◆ **Record extracts**
◇ ◇ ◇ ◇ ◇ ◇ ◇

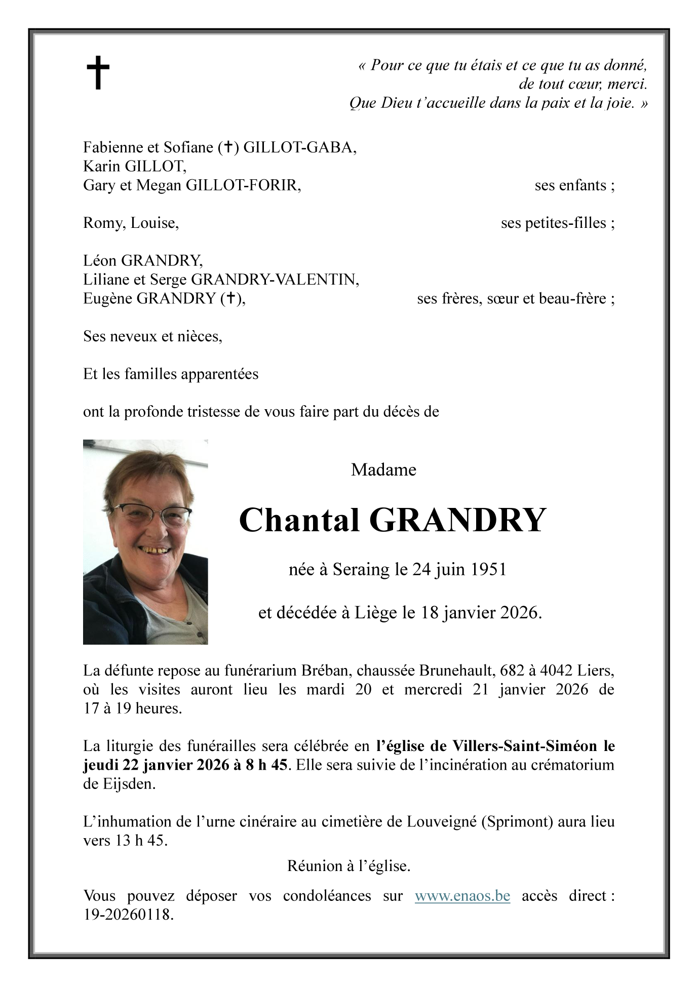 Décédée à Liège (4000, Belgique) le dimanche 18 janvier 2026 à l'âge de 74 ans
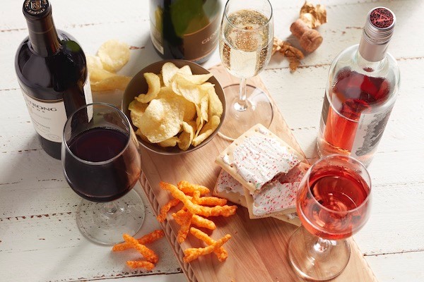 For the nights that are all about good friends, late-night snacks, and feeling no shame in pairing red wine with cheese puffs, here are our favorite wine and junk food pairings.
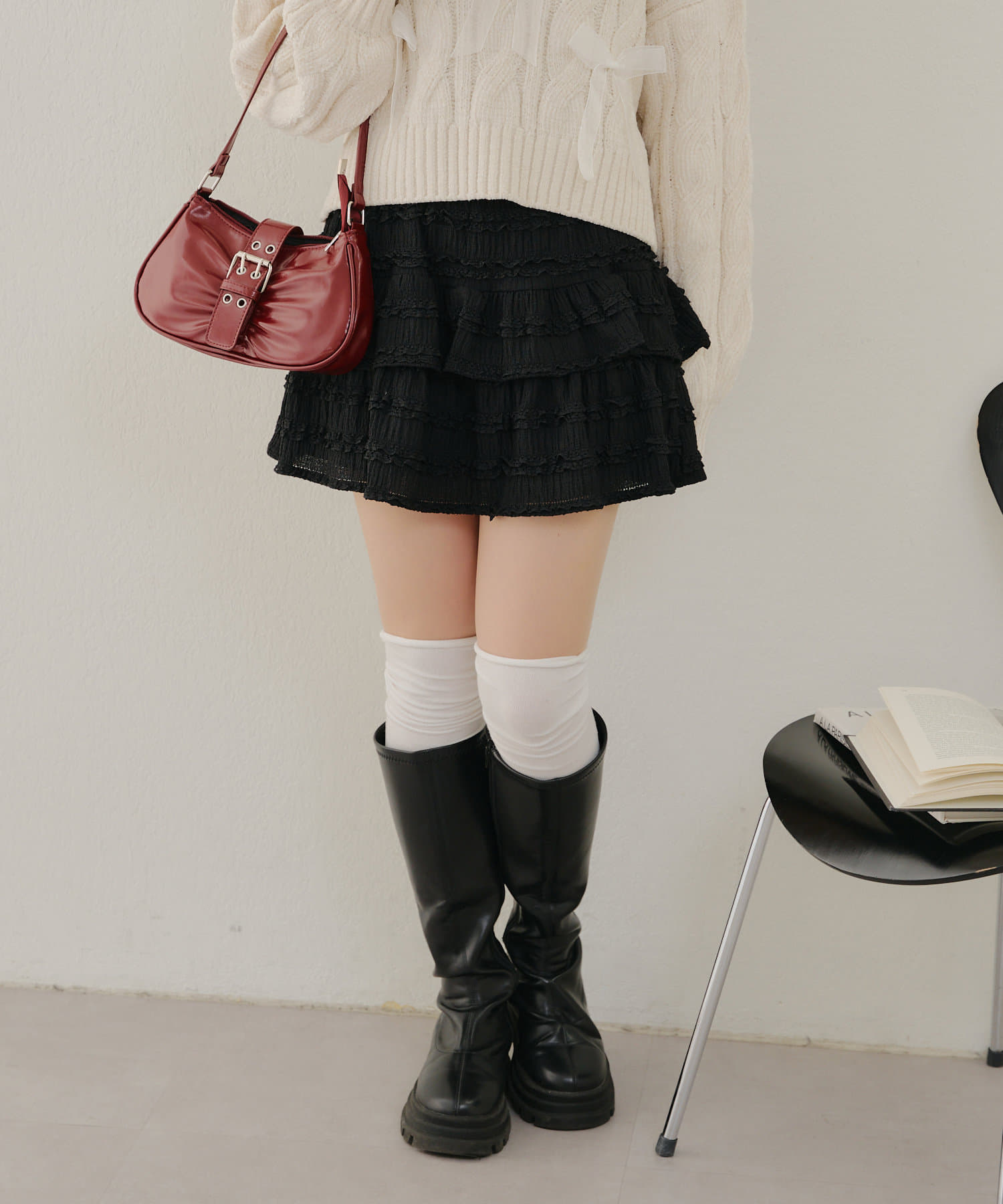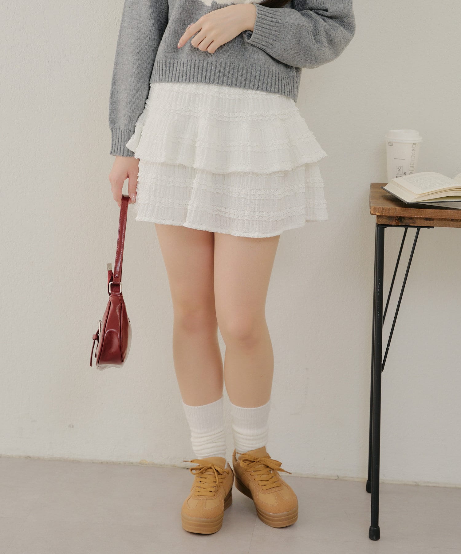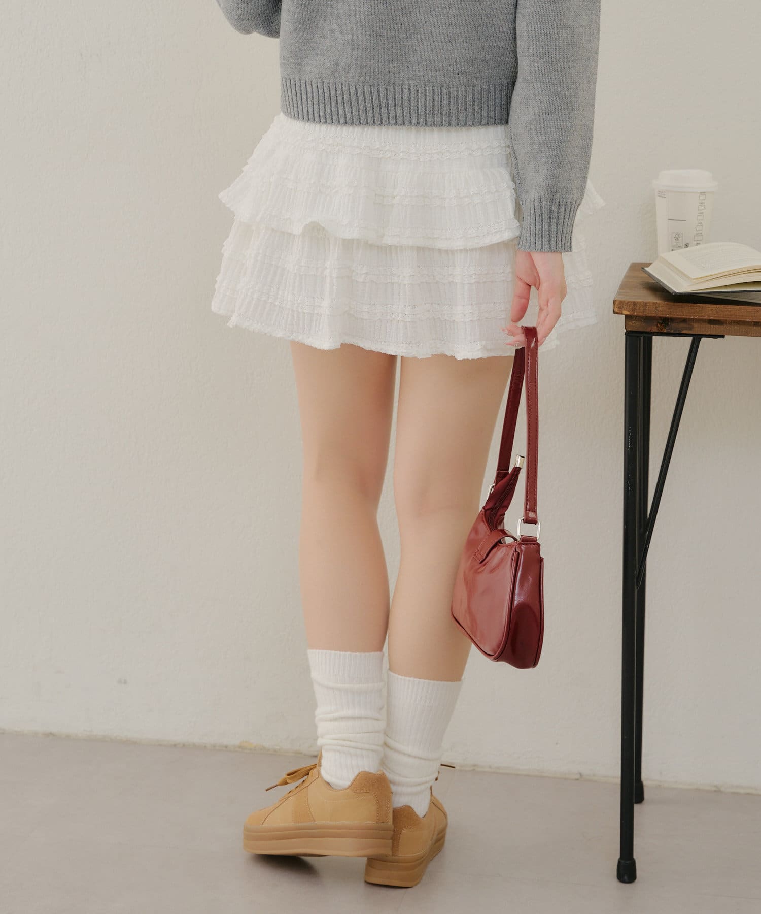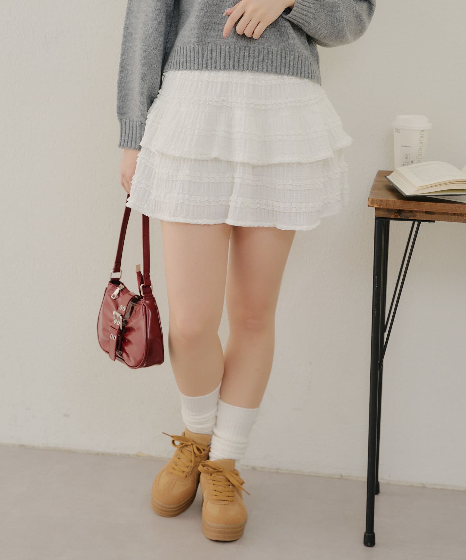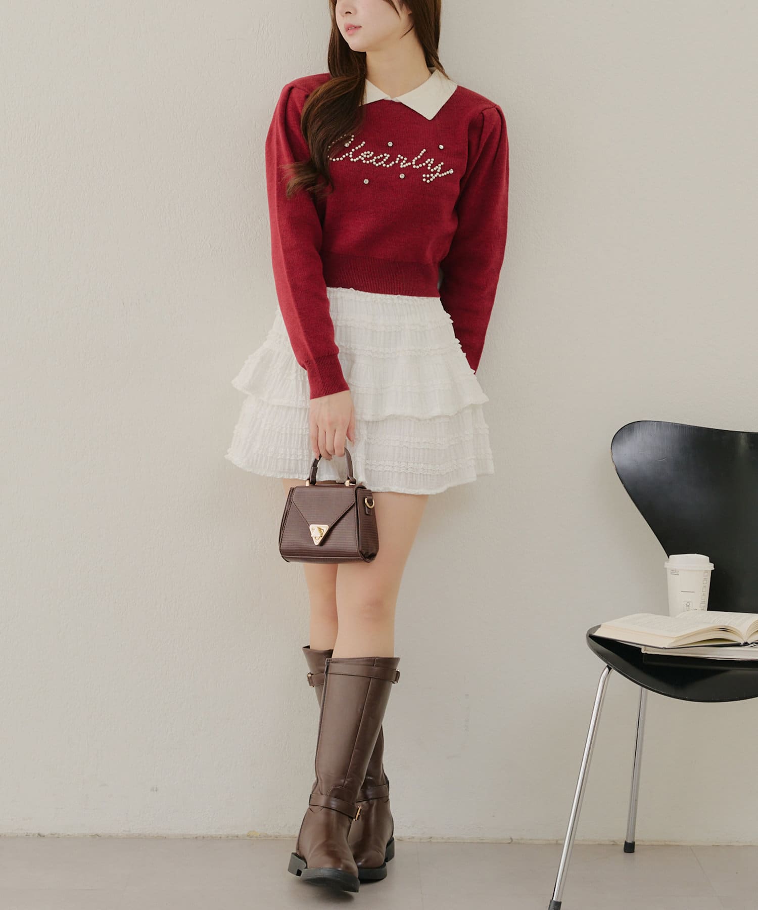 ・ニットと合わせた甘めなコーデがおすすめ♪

◇ ◇ ◇ ◇ ◇ ◇ ◇

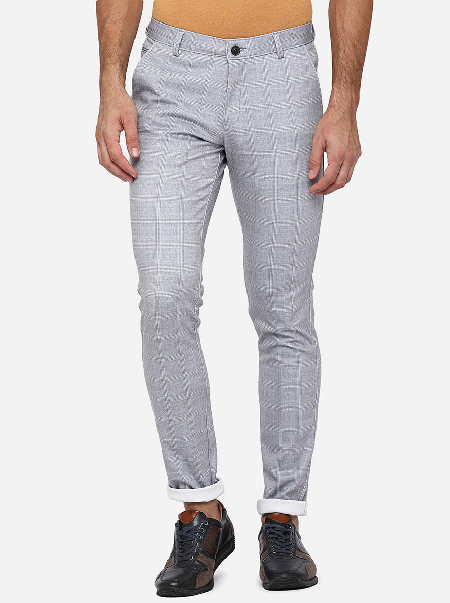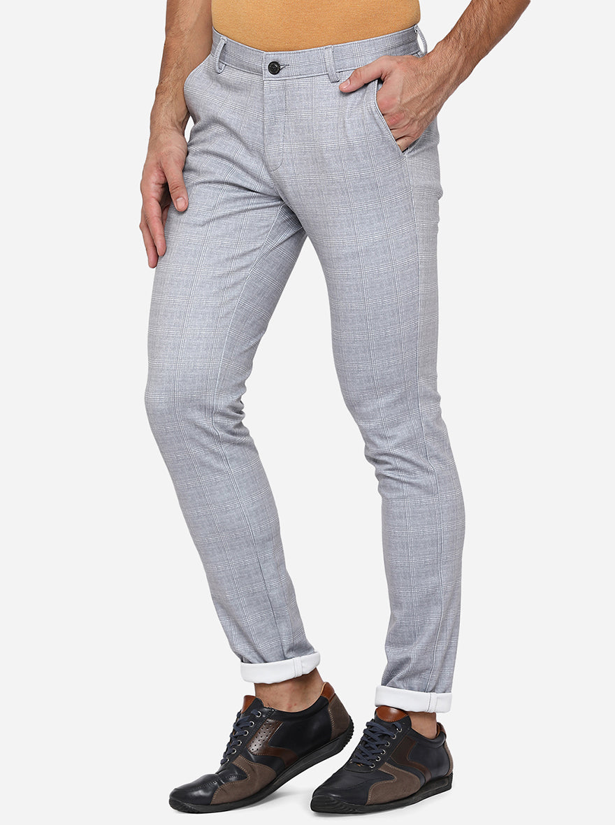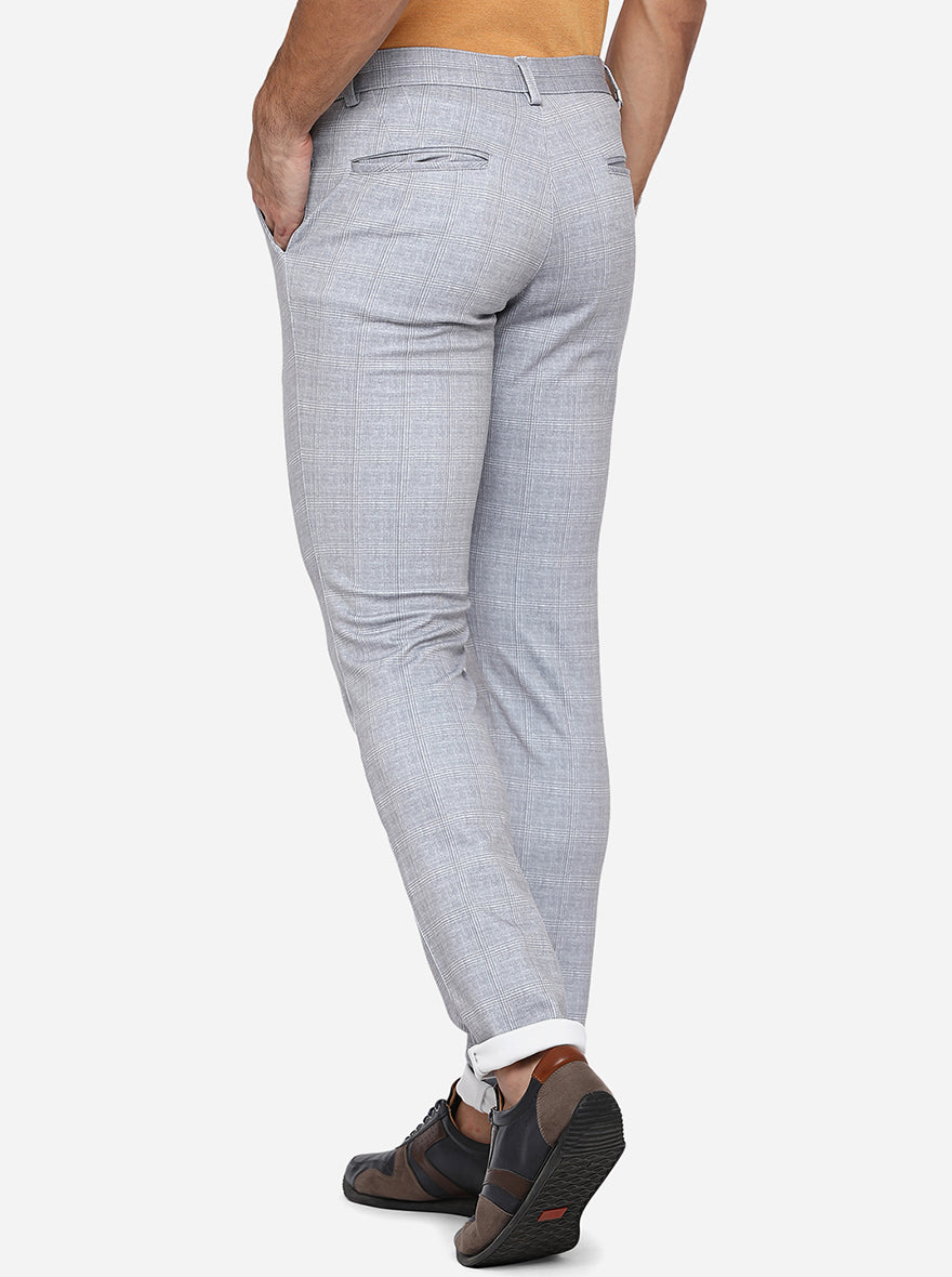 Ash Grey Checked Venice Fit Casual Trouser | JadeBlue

◇ ◇ ◇ ◇ ◇ ◇ ◇

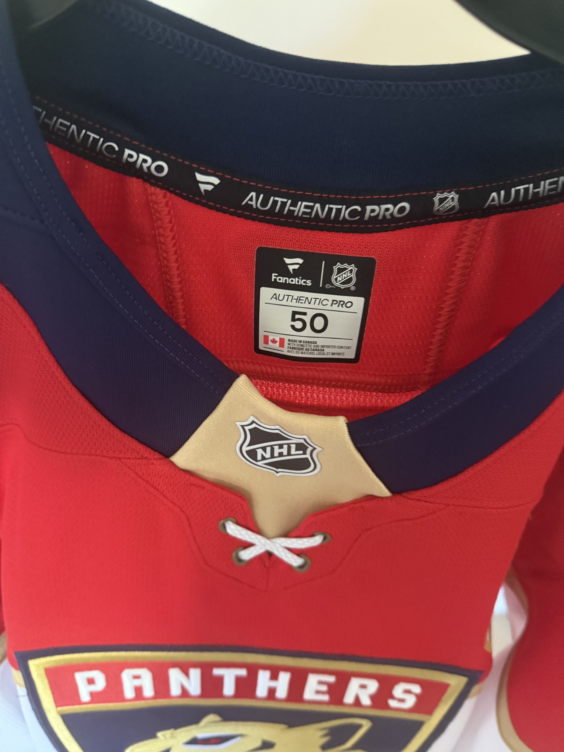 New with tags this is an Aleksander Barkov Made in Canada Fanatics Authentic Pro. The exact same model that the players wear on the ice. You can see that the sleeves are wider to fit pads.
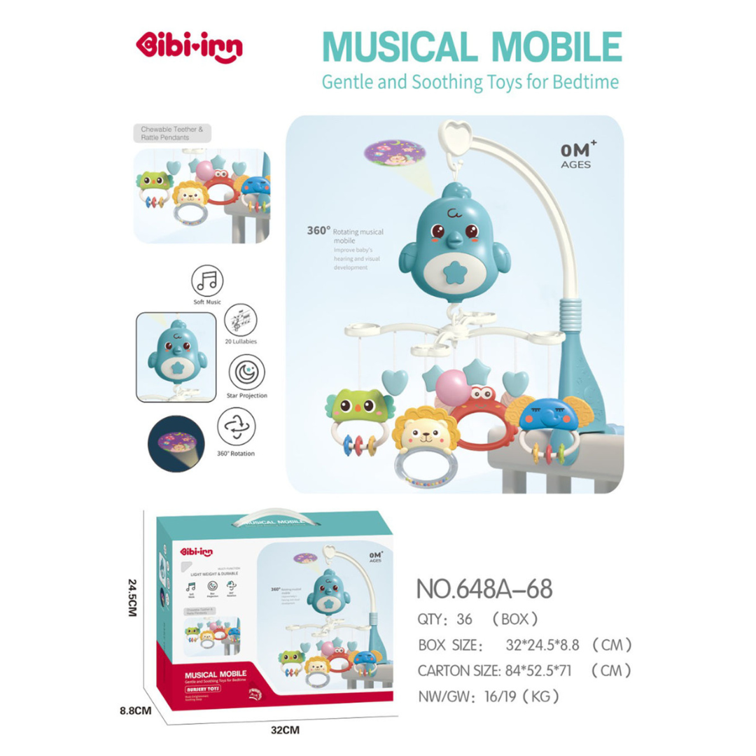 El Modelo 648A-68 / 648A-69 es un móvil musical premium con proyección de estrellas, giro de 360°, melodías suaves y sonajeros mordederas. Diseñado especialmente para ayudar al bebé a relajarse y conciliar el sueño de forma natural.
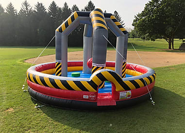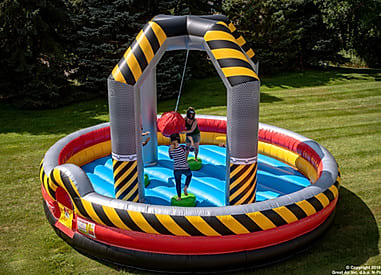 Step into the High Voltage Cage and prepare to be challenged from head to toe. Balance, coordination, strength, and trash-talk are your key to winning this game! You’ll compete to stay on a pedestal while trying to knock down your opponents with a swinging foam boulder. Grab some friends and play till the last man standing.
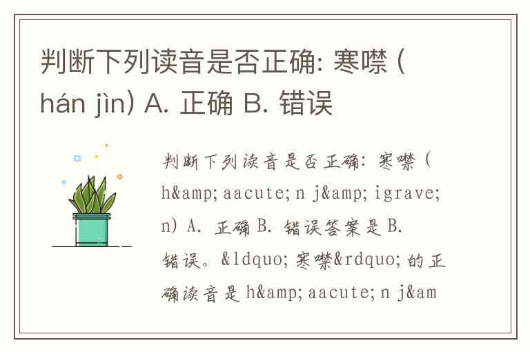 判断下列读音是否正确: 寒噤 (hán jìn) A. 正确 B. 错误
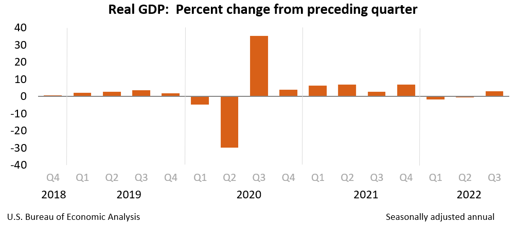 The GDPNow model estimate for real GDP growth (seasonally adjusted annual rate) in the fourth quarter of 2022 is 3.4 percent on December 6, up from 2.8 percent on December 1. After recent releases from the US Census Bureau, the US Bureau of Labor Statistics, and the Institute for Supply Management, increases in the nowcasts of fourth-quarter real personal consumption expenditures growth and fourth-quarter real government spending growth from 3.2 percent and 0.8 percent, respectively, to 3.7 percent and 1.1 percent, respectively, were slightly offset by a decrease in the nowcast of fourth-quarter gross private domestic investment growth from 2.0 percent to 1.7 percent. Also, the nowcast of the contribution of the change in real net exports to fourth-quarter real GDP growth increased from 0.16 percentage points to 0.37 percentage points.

◇ ◇ ◇ ◇ ◇ ◇ ◇

◆ **Activity**
After locating "Step into the" and "判断下列读音是否正确: 寒噤 (hán jìn) A. 正确 B. 错误" in the records above, return exactly the line holding each one and every line between them; leave out the pictures.

◆ **Exercise result**
 Step into the High Voltage Cage and prepare to be challenged from head to toe. Balance, coordination, strength, and trash-talk are your key to winning this game! You’ll compete to stay on a pedestal while trying to knock down your opponents with a swinging foam boulder. Grab some friends and play till the last man standing.
 判断下列读音是否正确: 寒噤 (hán jìn) A. 正确 B. 错误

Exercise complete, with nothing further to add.